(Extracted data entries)
━━━━━━━━

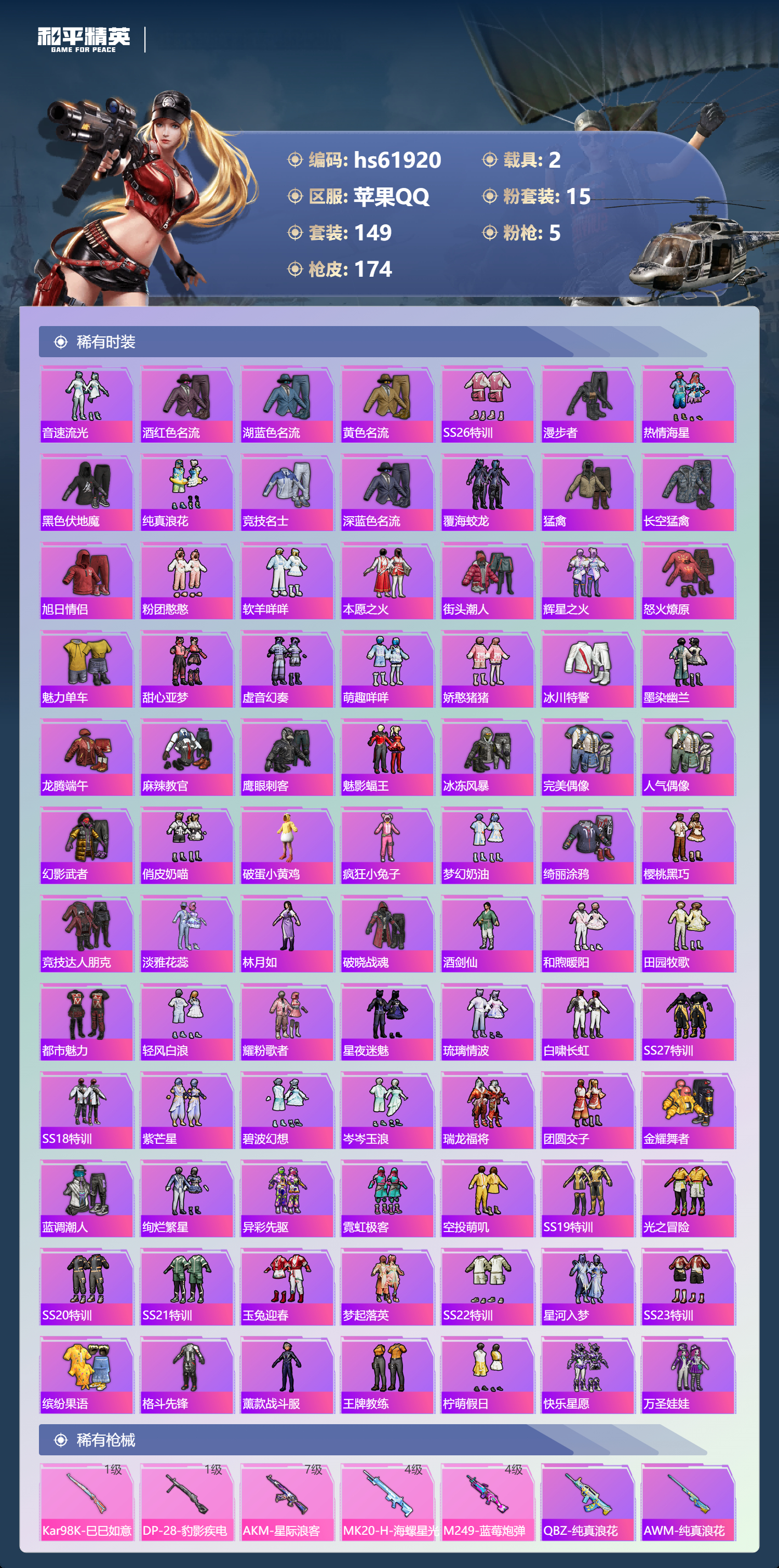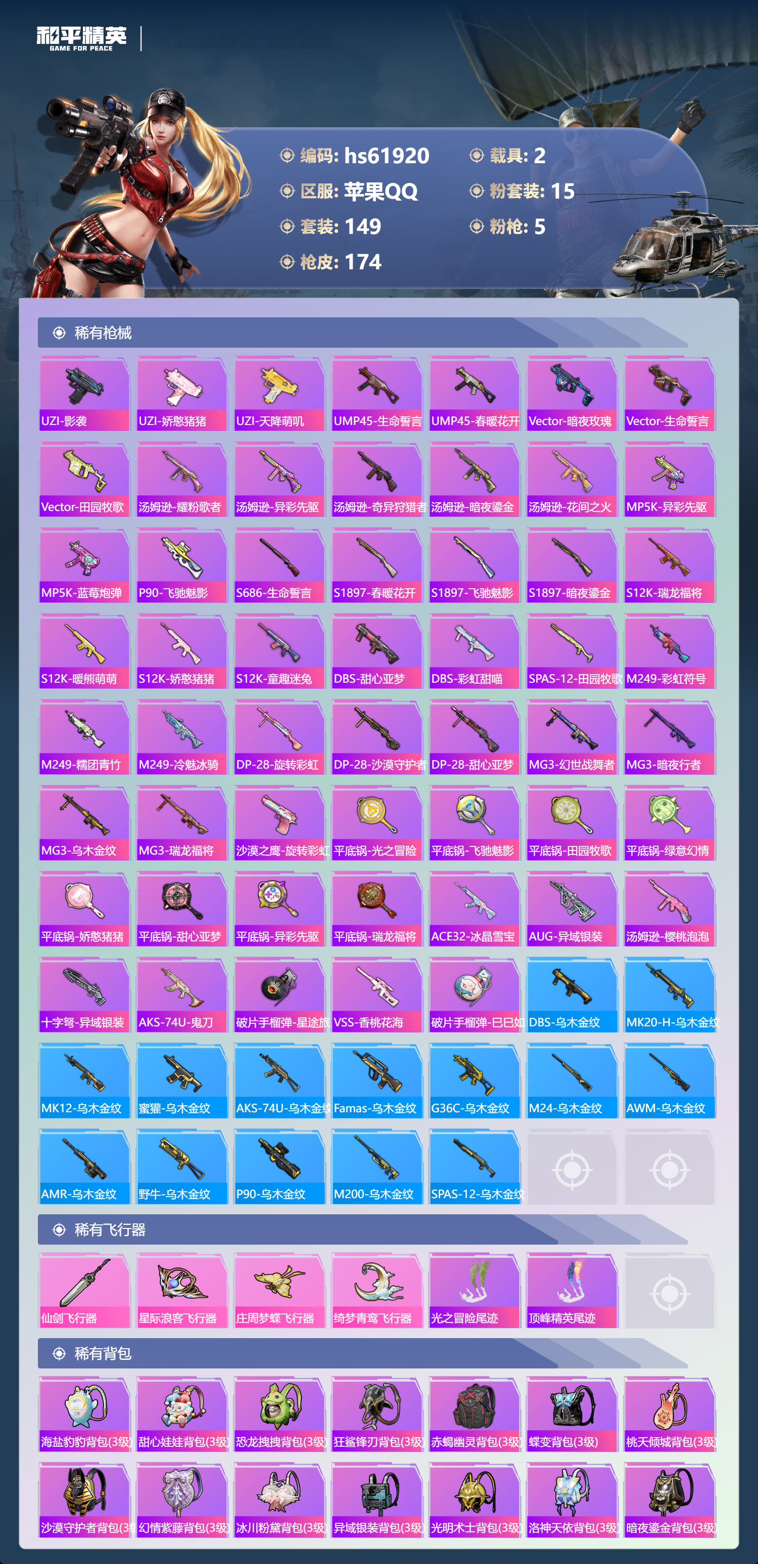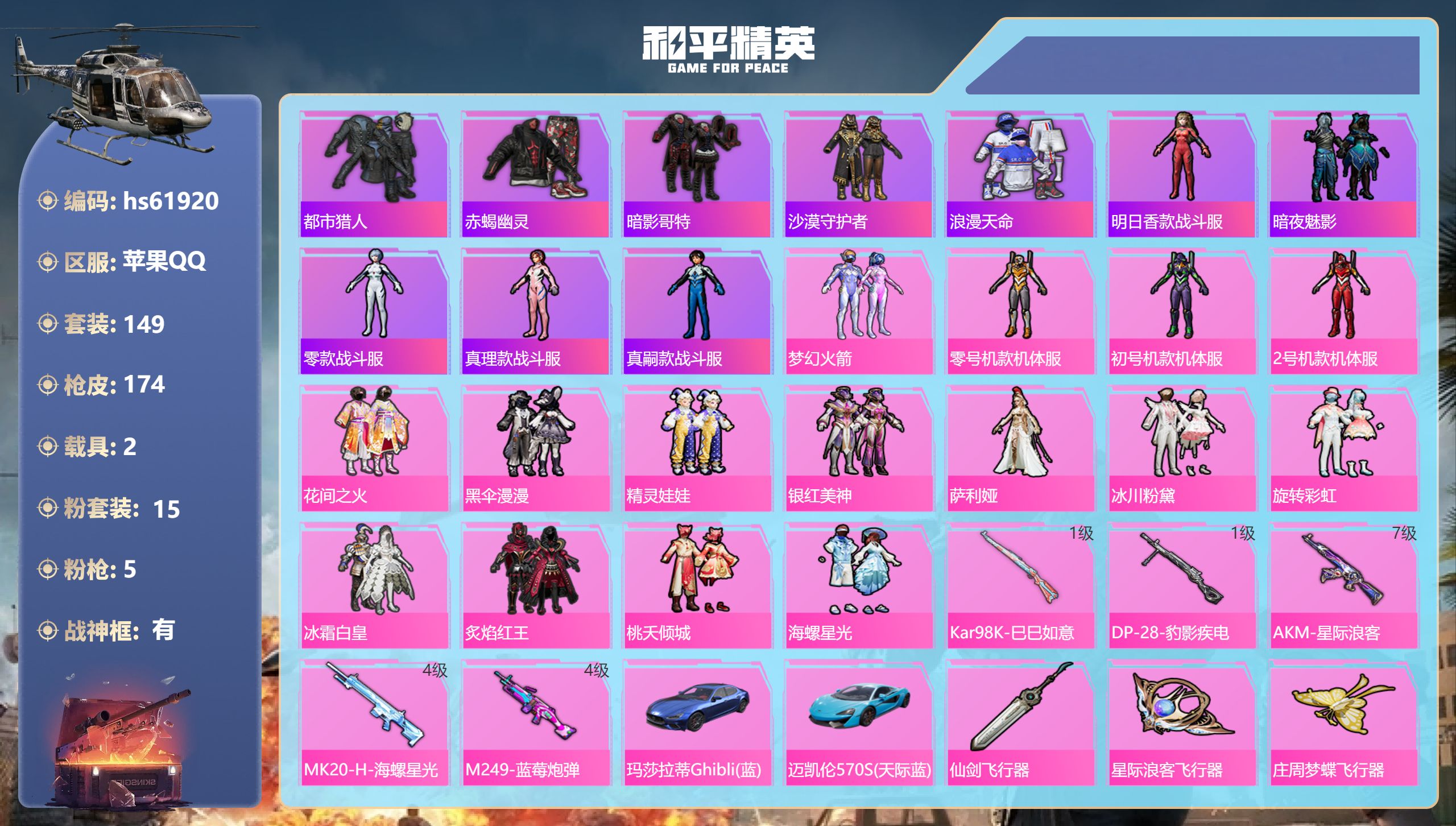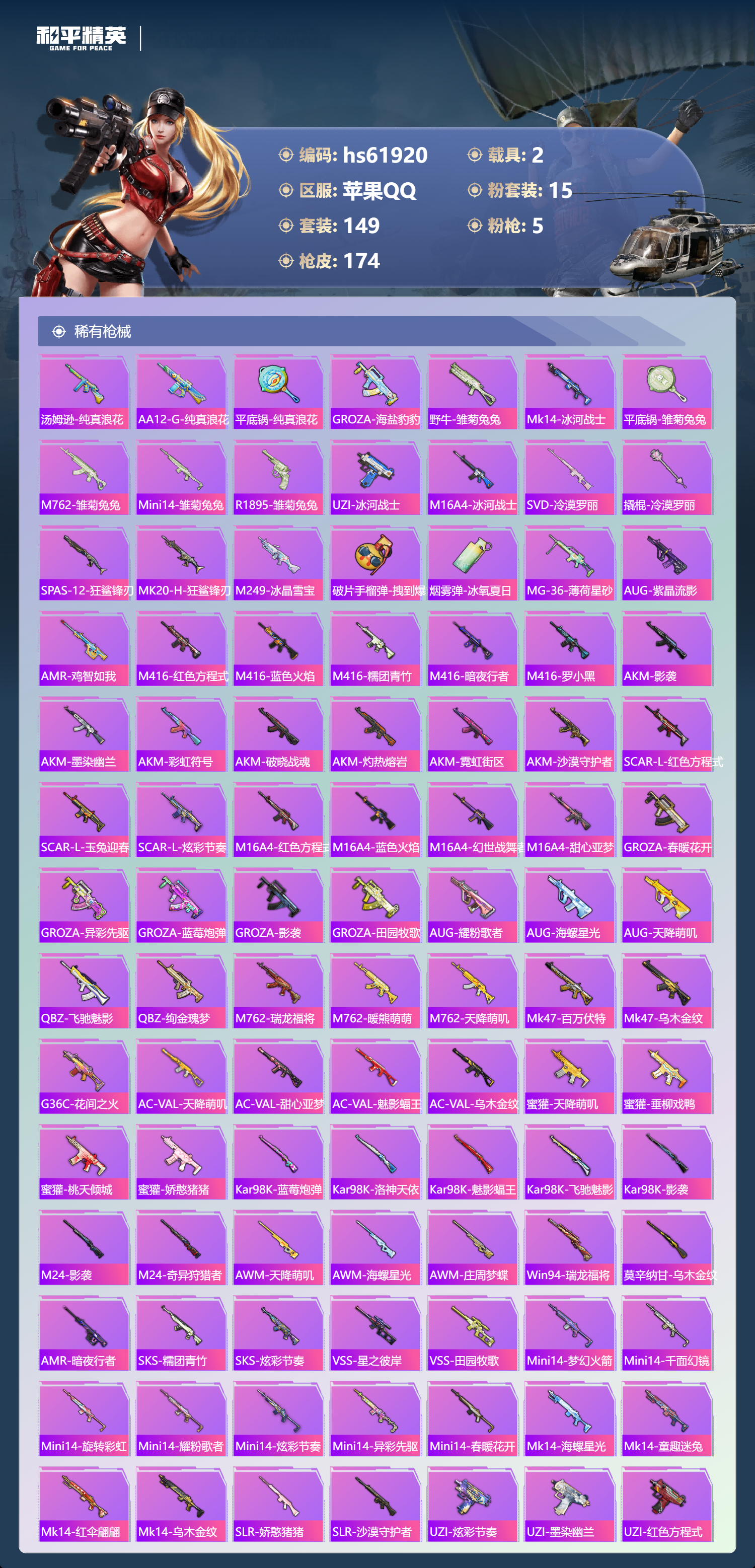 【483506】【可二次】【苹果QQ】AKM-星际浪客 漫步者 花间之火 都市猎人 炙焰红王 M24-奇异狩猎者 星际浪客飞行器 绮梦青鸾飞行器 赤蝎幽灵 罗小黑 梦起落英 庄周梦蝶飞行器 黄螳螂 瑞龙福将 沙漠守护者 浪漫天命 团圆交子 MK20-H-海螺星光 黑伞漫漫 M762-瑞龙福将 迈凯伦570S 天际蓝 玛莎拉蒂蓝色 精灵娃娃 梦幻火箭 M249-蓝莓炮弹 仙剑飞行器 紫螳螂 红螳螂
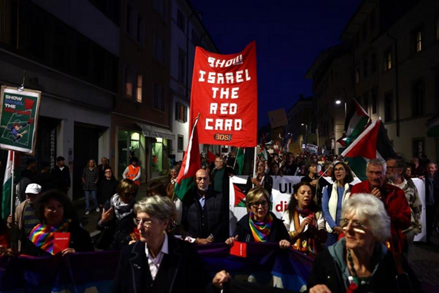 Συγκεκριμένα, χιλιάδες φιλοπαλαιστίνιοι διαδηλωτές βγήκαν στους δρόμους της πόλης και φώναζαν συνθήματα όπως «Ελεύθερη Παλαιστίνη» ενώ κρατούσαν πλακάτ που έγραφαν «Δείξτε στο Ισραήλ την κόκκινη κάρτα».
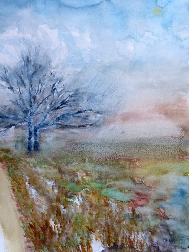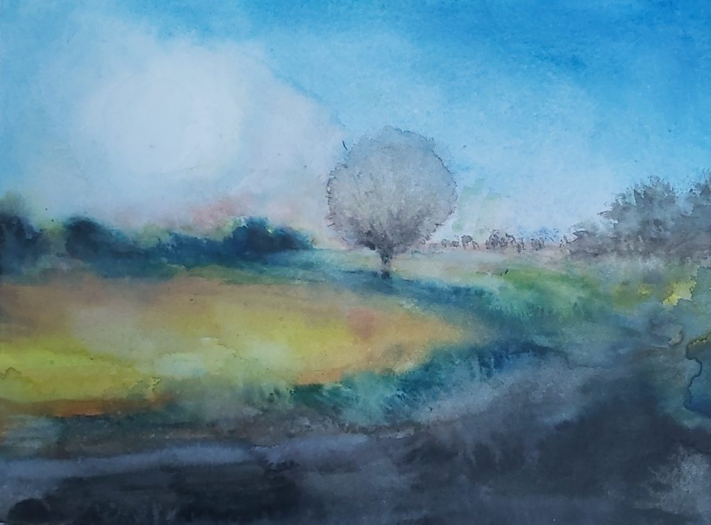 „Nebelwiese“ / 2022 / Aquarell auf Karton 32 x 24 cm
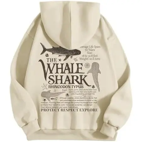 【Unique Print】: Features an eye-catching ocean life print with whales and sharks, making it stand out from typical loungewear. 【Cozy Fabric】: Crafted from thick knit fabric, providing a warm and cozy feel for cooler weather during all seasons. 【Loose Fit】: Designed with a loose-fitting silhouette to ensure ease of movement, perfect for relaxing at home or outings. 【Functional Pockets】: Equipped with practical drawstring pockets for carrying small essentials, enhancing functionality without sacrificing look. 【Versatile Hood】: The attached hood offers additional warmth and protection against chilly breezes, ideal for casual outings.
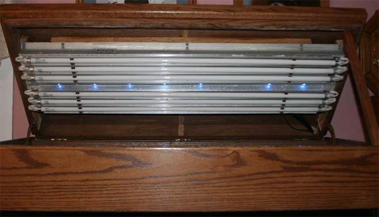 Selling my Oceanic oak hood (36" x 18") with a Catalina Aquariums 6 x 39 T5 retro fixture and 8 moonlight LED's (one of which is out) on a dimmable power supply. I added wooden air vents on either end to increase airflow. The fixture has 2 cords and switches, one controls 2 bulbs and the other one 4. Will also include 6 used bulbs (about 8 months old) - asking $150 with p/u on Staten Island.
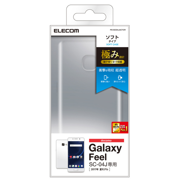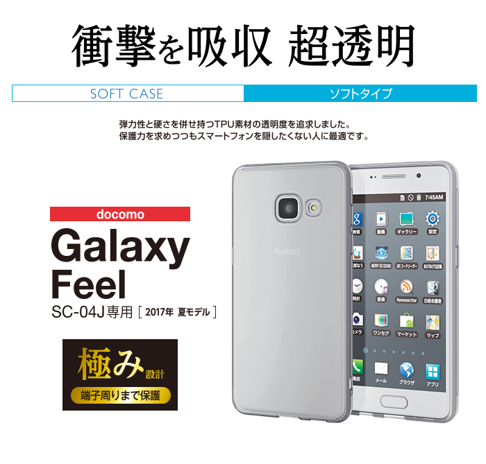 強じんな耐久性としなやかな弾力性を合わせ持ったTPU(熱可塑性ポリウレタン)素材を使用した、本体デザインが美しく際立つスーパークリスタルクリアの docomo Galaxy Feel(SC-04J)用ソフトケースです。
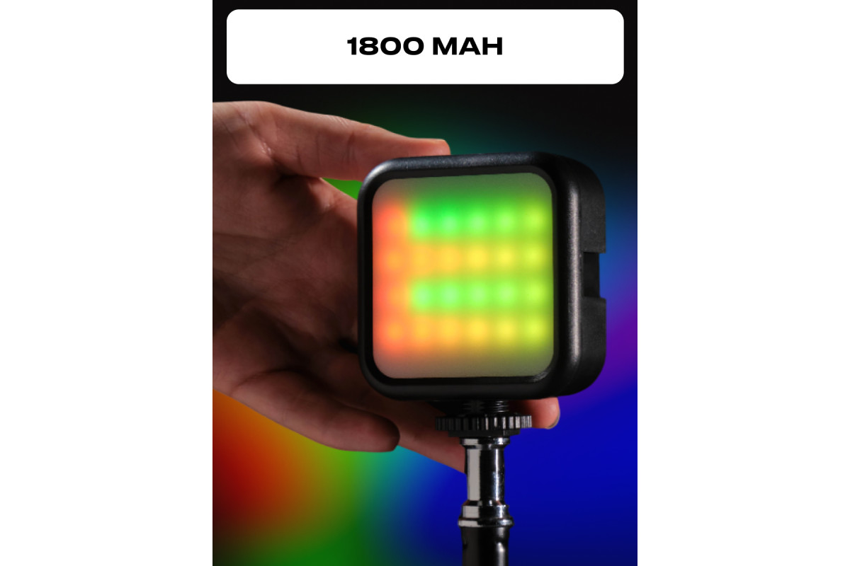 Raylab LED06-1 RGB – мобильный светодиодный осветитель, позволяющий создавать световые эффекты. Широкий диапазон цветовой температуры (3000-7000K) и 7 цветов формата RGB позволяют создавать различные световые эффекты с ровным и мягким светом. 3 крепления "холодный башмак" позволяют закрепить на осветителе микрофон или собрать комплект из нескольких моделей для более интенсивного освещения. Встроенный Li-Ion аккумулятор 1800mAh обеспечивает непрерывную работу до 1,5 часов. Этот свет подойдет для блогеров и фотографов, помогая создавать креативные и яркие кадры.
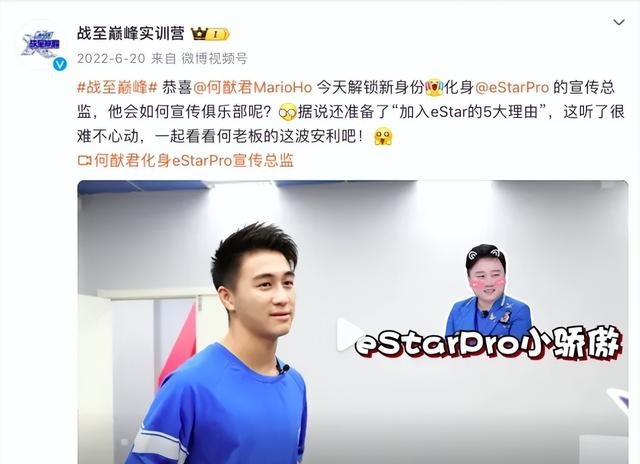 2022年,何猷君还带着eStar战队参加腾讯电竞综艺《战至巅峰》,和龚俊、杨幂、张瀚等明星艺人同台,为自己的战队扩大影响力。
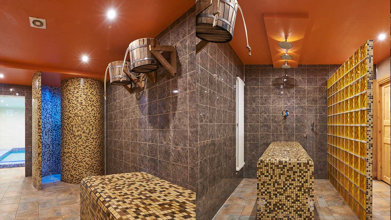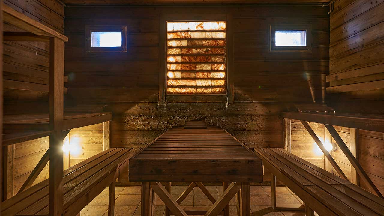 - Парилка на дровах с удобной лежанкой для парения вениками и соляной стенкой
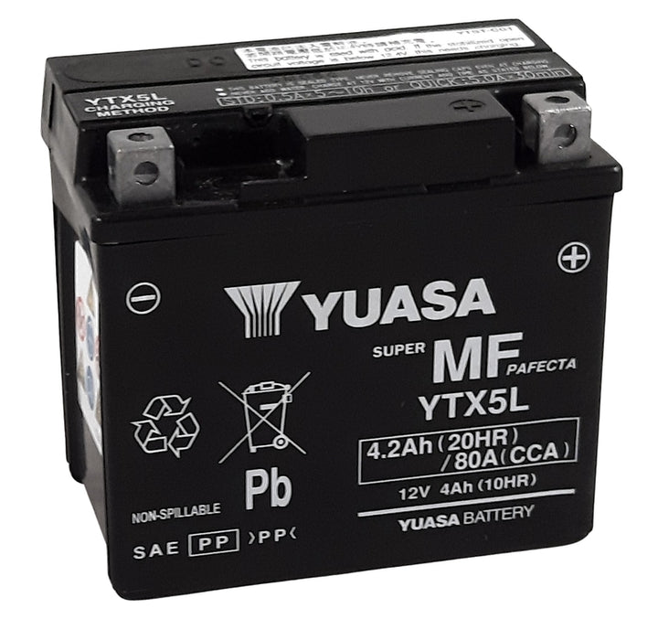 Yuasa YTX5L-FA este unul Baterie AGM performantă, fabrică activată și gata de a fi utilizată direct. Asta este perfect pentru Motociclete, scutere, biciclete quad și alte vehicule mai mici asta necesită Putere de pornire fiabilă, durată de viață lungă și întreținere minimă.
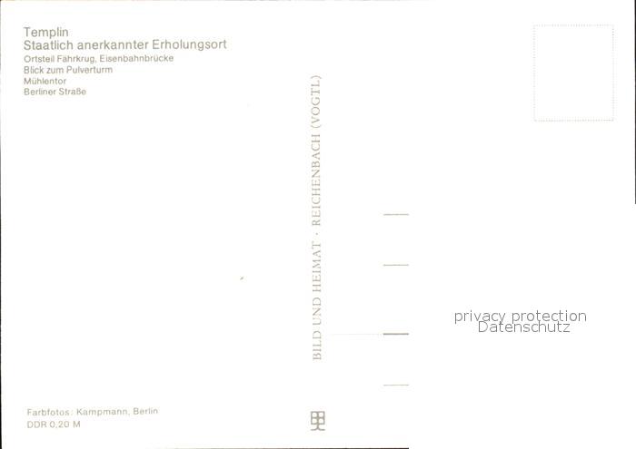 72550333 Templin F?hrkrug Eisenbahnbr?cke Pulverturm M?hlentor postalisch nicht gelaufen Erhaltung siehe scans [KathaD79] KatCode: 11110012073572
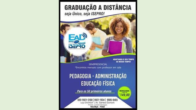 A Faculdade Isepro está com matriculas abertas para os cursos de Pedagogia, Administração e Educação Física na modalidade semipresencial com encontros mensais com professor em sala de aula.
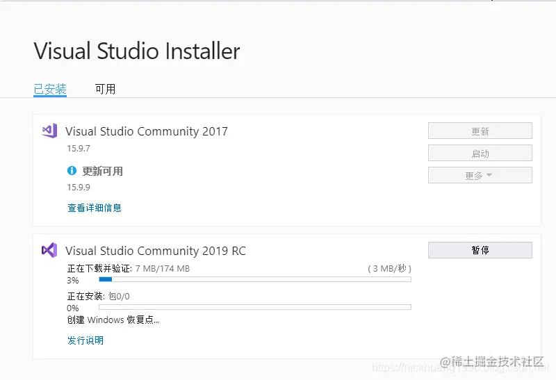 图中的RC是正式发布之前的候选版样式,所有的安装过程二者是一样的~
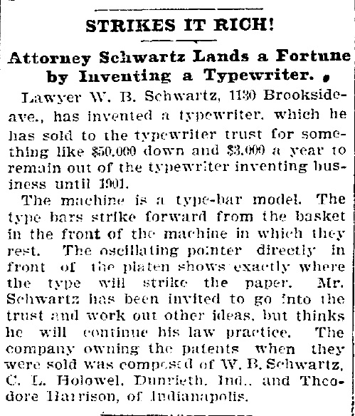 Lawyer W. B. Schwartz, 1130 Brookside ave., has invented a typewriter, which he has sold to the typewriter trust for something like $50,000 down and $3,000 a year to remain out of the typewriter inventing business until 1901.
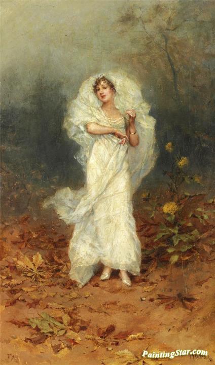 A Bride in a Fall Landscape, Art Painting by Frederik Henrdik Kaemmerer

━━━━━━━━

Assigned task> An exact copy is needed of the stretch above that opens with the line containing "Yuasa YTX5L-FA este" and closes with the line containing "Lawyer W. B."; the pictures are not part of it.

Response to the task>
 Yuasa YTX5L-FA este unul Baterie AGM performantă, fabrică activată și gata de a fi utilizată direct. Asta este perfect pentru Motociclete, scutere, biciclete quad și alte vehicule mai mici asta necesită Putere de pornire fiabilă, durată de viață lungă și întreținere minimă.
 72550333 Templin F?hrkrug Eisenbahnbr?cke Pulverturm M?hlentor postalisch nicht gelaufen Erhaltung siehe scans [KathaD79] KatCode: 11110012073572
 A Faculdade Isepro está com matriculas abertas para os cursos de Pedagogia, Administração e Educação Física na modalidade semipresencial com encontros mensais com professor em sala de aula.
 图中的RC是正式发布之前的候选版样式,所有的安装过程二者是一样的~
 Lawyer W. B. Schwartz, 1130 Brookside ave., has invented a typewriter, which he has sold to the typewriter trust for something like $50,000 down and $3,000 a year to remain out of the typewriter inventing business until 1901.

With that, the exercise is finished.